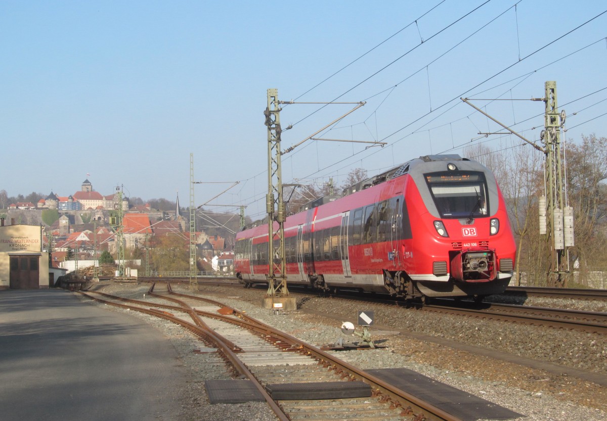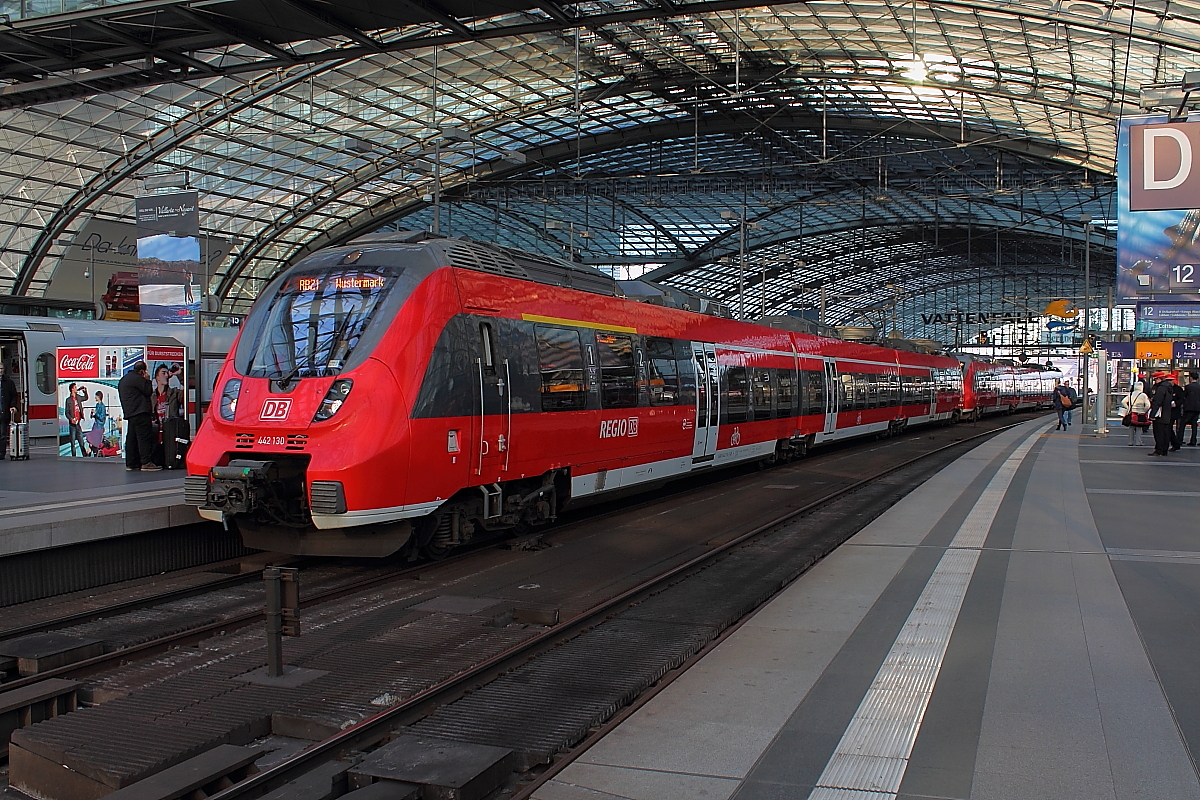 Der 442 130 auf der RB 21 als RB 18674 von Berlin Friedrichstraße nach Wustermark, der zweite Zugteil wird in Golm getrennt und fährt als RB RB 28826 Berlin-Schönefeld Flughafen. Hier beim Halt am 14.03.2014 in Berlin Hauptbahnhof.
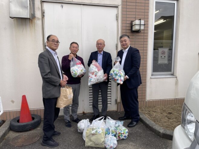 ・10月22日例会終了後、会員の皆さまの協力で収集したペットボトルキャップを胎内市社会福祉協議会に寄付してきました。
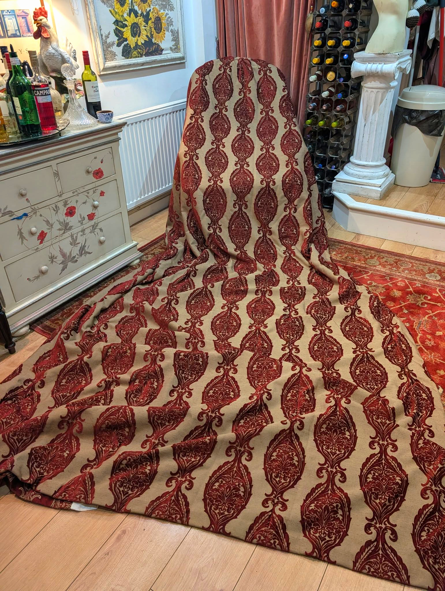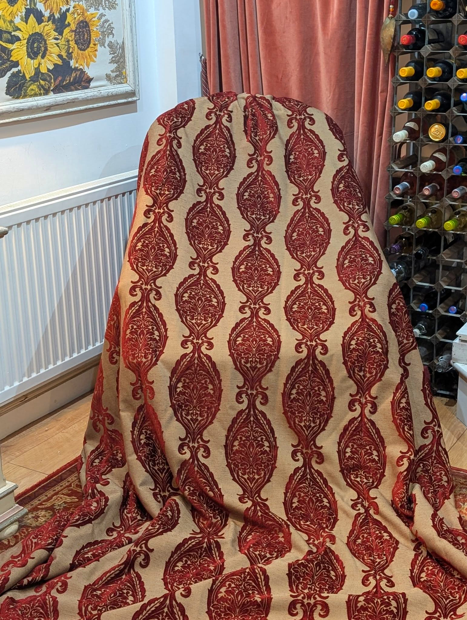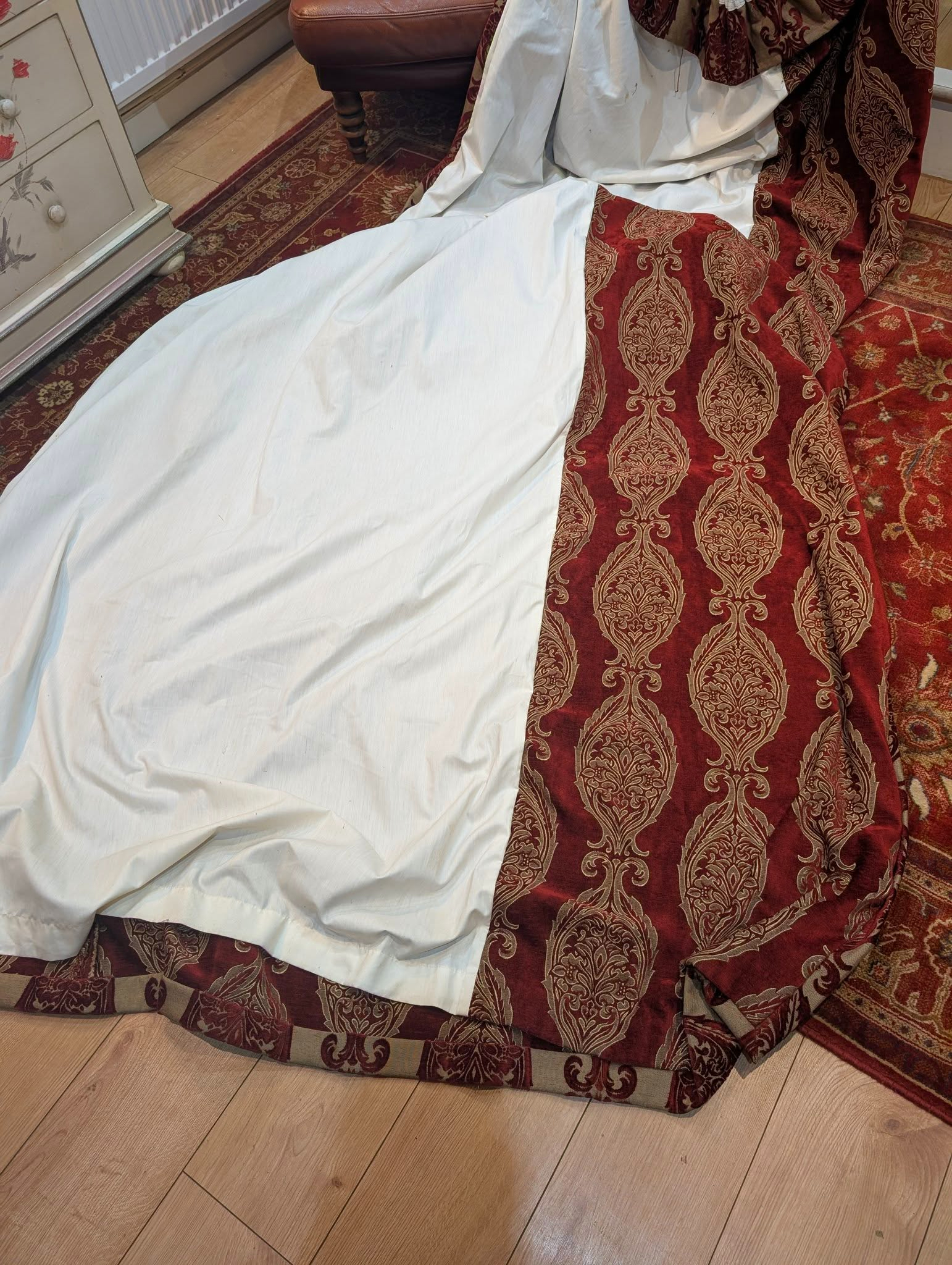 This listing is for up to 3 pairs of amazing very long linen dark red cut damask second-hand curtains. These fabulous curtains come with lining and are in very good and clean condition.
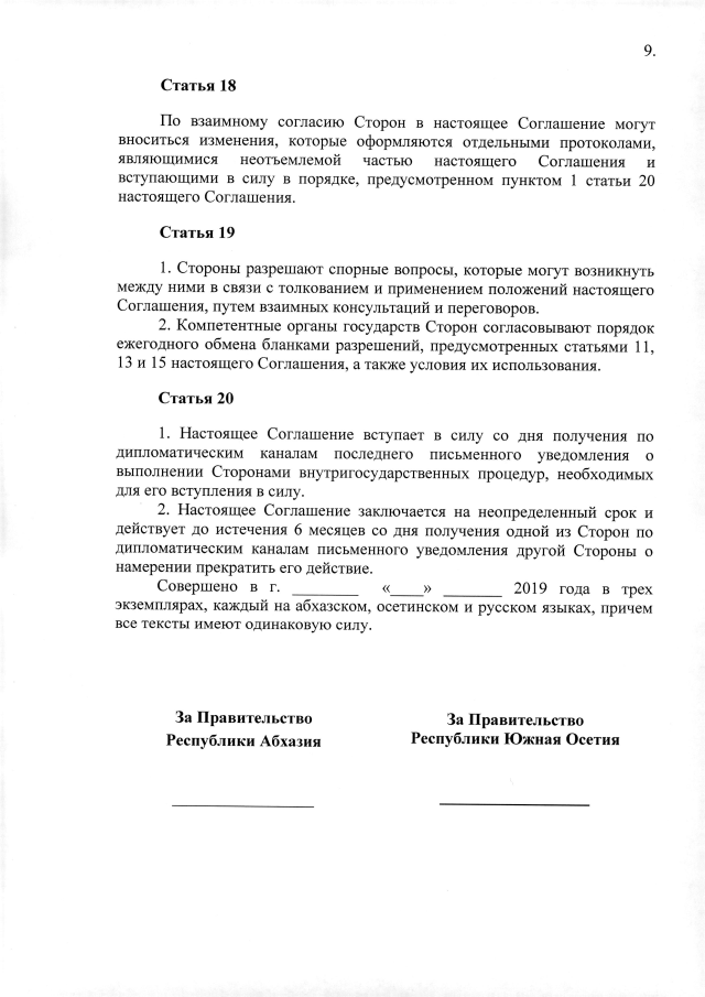 Постановление Кабинета Министров Республики Абхазия от 31.05.2019 №90 "О заключении Соглашения между Правительством Республики Абхазия и Правительством Республики Южная Осетия о международном автомобильном сообщении"

=-=-=-=-=

For this exercise, repeat word for word only the lines from the one containing "This listing is" through the end of the data, including both. Pictures do not go in the copy.

 This listing is for up to 3 pairs of amazing very long linen dark red cut damask second-hand curtains. These fabulous curtains come with lining and are in very good and clean condition.
 Постановление Кабинета Министров Республики Абхазия от 31.05.2019 №90 "О заключении Соглашения между Правительством Республики Абхазия и Правительством Республики Южная Осетия о международном автомобильном сообщении"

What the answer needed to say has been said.